Introduction

The types, states, and interactions of cells in human tissues vary greatly. Single-cell transcriptome sequencing (scRNA-seq) is a new technique for high-throughput sequencing analysis of the transcriptome in single cell. Single-cell transcriptome sequencing can complement conventional transcriptome sequencing (mRNA-seq: Bulk RNA sequencing, comparing the average expression values of genes in all cells of the cell population), revealing the expression situation of all genes in the all-cause group in single cell, including the identified tissue cell types, reflecting the cell heterogeneity between different samples and the tissue microenvironment, so that we can better understand the real state and correlation of each cell in a Bulk tissue. Presents a real and comprehensive cellular world. Currently, single-cell transcriptome sequencing is mostly used in complex multicellular systems such as tumor, developmental, neural, and immune microenvironments.

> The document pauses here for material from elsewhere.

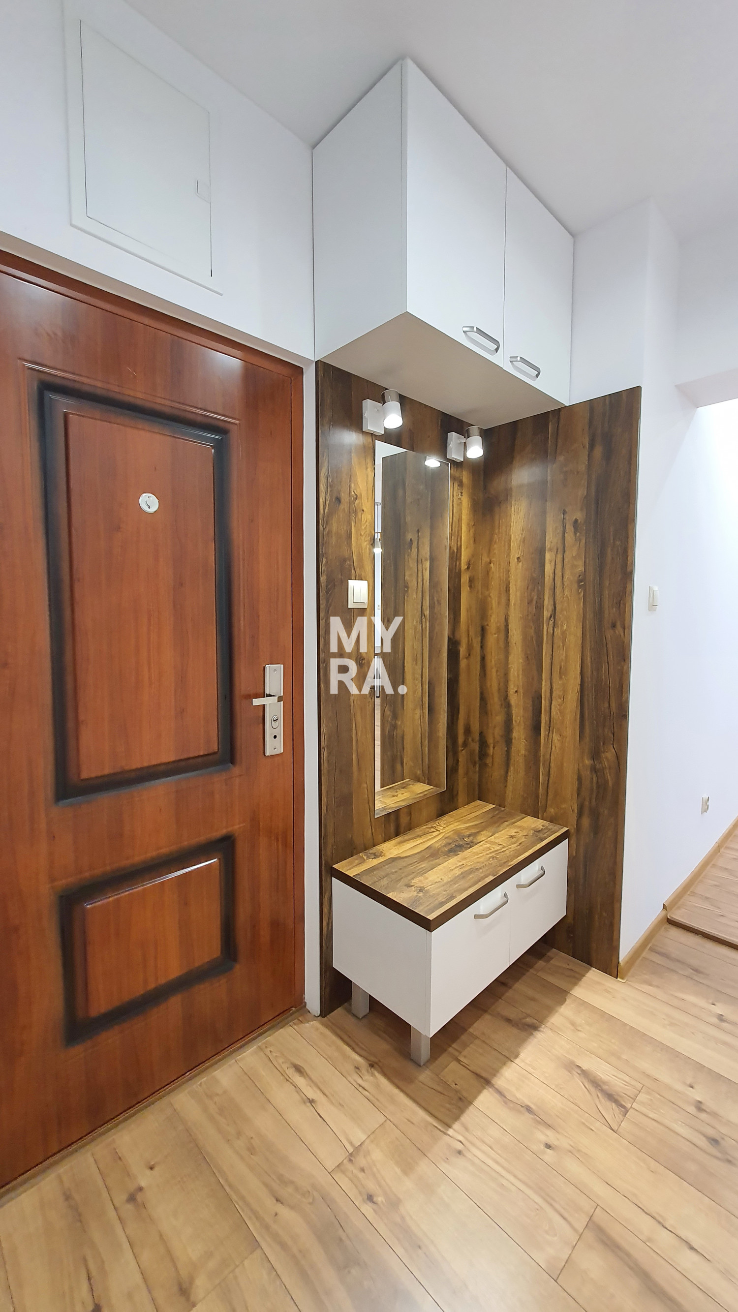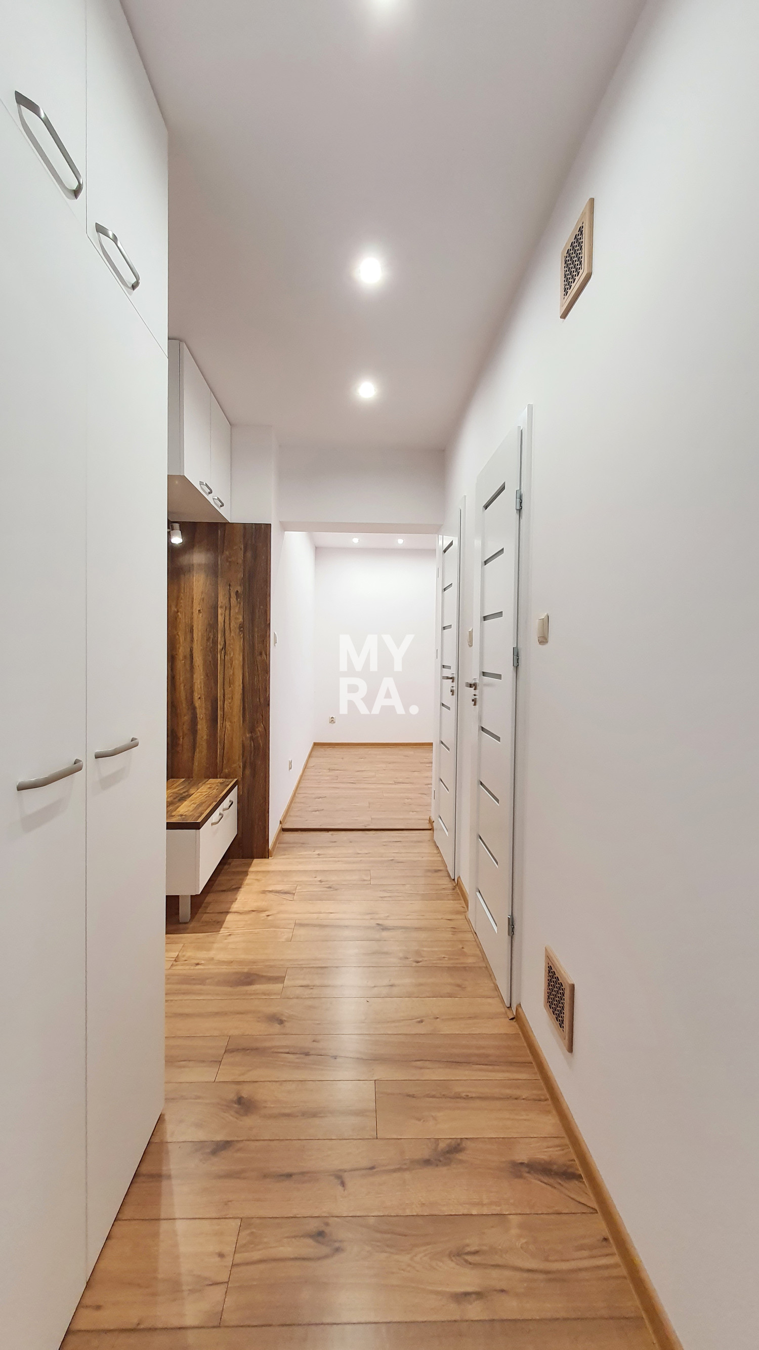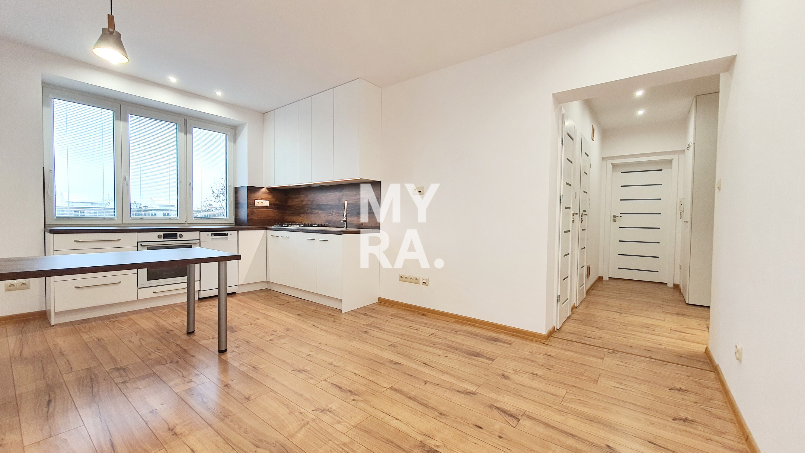 DISPOZÍCIA BYTU: Vstup do bytu chránia bezpečnostné dvere. Chodba je svetlá, vkusná a tvorí funkčné prepojenie celého bytu. Nachádza sa tam vstavaná skriňa na mieru. Oproti vchodovým dverám je samostatná kúpeľňa s vaňou, umývadlom a skrinkou so zrkadlom. Hneď vedľa sa nachádza samostatná toaleta. Po ľavej strane od vchodových dverí sa nachádza obývačka spojená s kuchyňou. Kuchynská linka obsahuje drez s batériou, plynová varná doska, digestor, umývačku riadu a elektrickú rúru. Taktiež množstvo úložného priestoru. Priestor určený pre jedálenský stôl so stoličkami (súčasť vybavenia kuchyne) dotvára útulnú atmosféru obývacieho srdca domova. Po pravej strane od vchodových dverí je vstup do prvej izby, cez ktorú sa dostanete do druhej nepriechodnej izby.

The purpose of this tool is connect the analysis of single-cell data into a complete process to accelerate the speed of analysis and contribute to the progress in this field.

Tutorials link (document and video): https://github.com/OpenGene/scrnapip/tree/main/tutorials.

A. Environment set up

1. Download docker

docker pull zhangjing12/scrnapip

2. Download reference genomic

#Human reference (GRCh38) dataset required for Cell Ranger.
wget https://cf.10xgenomics.com/supp/cell-exp/refdata-gex-GRCh38-2020-A.tar.gz
#Mouse reference dataset required for Cell Ranger.
wget https://cf.10xgenomics.com/supp/cell-exp/refdata-gex-mm10-2020-A.tar.gz

3. Use docker

docker run -d -p 1921:8787 -p 1882:3838 -e PASSWORD=yourpassword -e USERID=youruserid -e GROUPID=yourgroupid -v /yourdatapath:/dockerpath zhangjing12/scrnapip

The image is created based on Rocker (https://rocker-project.org/images/versioned/rstudio.html). You can use the above command to access rstudio through port 8787, which is more convenient for users to use the process. The userid and groupid can be queried through the id command. For the port number, please confirm whether the corresponding port is open.

B. Start Workflow

1. Set config file

All input files and parameters are set in this configuration file. The main settings that need to be changed are the following：

#####[fastp_cellrange]: RAW data path. The pair end data must be split into two files
S1.R1=["/usr/data/SAMPLE1_S1_L001_R1_001.fastq.gz"]
S1.R2=["/usr/data/SAMPLE1_S1_L001_R2_001.fastq.gz"]
#If a sample has more than one raw data, you can merge them before or add path split by ",":
S1.R1=["/usr/data/SAMPLE1.1_S1_L001_R1_001.fastq.gz","/usr/data/SAMPLE1.2_S1_L001_R1_001.fastq.gz"]
S1.R2=["/usr/data/SAMPLE1.1_S1_L001_R2_001.fastq.gz","/usr/data/SAMPLE1.2_S1_L001_R2_001.fastq.gz"]

#####[indata]: cellranger matrix file path
S1="/usr/workout/02.cellranger/S1/outs/filtered_feature_bc_matrix"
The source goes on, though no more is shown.